▸ Source material
*****

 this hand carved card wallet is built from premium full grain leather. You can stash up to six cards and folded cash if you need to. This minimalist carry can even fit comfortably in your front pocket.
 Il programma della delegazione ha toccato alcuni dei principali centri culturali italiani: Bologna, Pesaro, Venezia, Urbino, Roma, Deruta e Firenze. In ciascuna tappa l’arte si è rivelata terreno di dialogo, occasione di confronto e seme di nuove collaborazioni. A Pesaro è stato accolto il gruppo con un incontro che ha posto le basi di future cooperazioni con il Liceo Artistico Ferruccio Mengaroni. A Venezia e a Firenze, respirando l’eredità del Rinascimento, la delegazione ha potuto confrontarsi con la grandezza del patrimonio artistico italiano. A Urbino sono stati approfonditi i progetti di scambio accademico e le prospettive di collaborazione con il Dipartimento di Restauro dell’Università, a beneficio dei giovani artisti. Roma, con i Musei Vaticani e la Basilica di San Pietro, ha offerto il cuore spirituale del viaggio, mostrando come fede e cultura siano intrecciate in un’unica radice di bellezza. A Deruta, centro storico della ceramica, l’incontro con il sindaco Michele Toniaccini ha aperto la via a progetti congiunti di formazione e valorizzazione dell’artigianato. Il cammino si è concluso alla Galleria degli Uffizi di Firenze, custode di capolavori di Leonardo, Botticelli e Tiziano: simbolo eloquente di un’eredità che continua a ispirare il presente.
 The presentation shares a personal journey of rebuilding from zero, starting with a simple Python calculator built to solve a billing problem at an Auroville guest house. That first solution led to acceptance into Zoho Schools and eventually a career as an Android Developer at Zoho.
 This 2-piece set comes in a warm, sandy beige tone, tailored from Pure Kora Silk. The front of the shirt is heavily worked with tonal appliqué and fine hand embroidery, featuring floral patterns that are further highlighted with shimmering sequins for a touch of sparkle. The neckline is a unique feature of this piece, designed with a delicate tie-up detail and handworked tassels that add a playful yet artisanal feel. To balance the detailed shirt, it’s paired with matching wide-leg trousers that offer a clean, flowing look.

*****

▸ Problem description
The data must be given again in full, exactly as written.

▸ Response to the exercise
 this hand carved card wallet is built from premium full grain leather. You can stash up to six cards and folded cash if you need to. This minimalist carry can even fit comfortably in your front pocket.
 Il programma della delegazione ha toccato alcuni dei principali centri culturali italiani: Bologna, Pesaro, Venezia, Urbino, Roma, Deruta e Firenze. In ciascuna tappa l’arte si è rivelata terreno di dialogo, occasione di confronto e seme di nuove collaborazioni. A Pesaro è stato accolto il gruppo con un incontro che ha posto le basi di future cooperazioni con il Liceo Artistico Ferruccio Mengaroni. A Venezia e a Firenze, respirando l’eredità del Rinascimento, la delegazione ha potuto confrontarsi con la grandezza del patrimonio artistico italiano. A Urbino sono stati approfonditi i progetti di scambio accademico e le prospettive di collaborazione con il Dipartimento di Restauro dell’Università, a beneficio dei giovani artisti. Roma, con i Musei Vaticani e la Basilica di San Pietro, ha offerto il cuore spirituale del viaggio, mostrando come fede e cultura siano intrecciate in un’unica radice di bellezza. A Deruta, centro storico della ceramica, l’incontro con il sindaco Michele Toniaccini ha aperto la via a progetti congiunti di formazione e valorizzazione dell’artigianato. Il cammino si è concluso alla Galleria degli Uffizi di Firenze, custode di capolavori di Leonardo, Botticelli e Tiziano: simbolo eloquente di un’eredità che continua a ispirare il presente.
 The presentation shares a personal journey of rebuilding from zero, starting with a simple Python calculator built to solve a billing problem at an Auroville guest house. That first solution led to acceptance into Zoho Schools and eventually a career as an Android Developer at Zoho.
 This 2-piece set comes in a warm, sandy beige tone, tailored from Pure Kora Silk. The front of the shirt is heavily worked with tonal appliqué and fine hand embroidery, featuring floral patterns that are further highlighted with shimmering sequins for a touch of sparkle. The neckline is a unique feature of this piece, designed with a delicate tie-up detail and handworked tassels that add a playful yet artisanal feel. To balance the detailed shirt, it’s paired with matching wide-leg trousers that offer a clean, flowing look.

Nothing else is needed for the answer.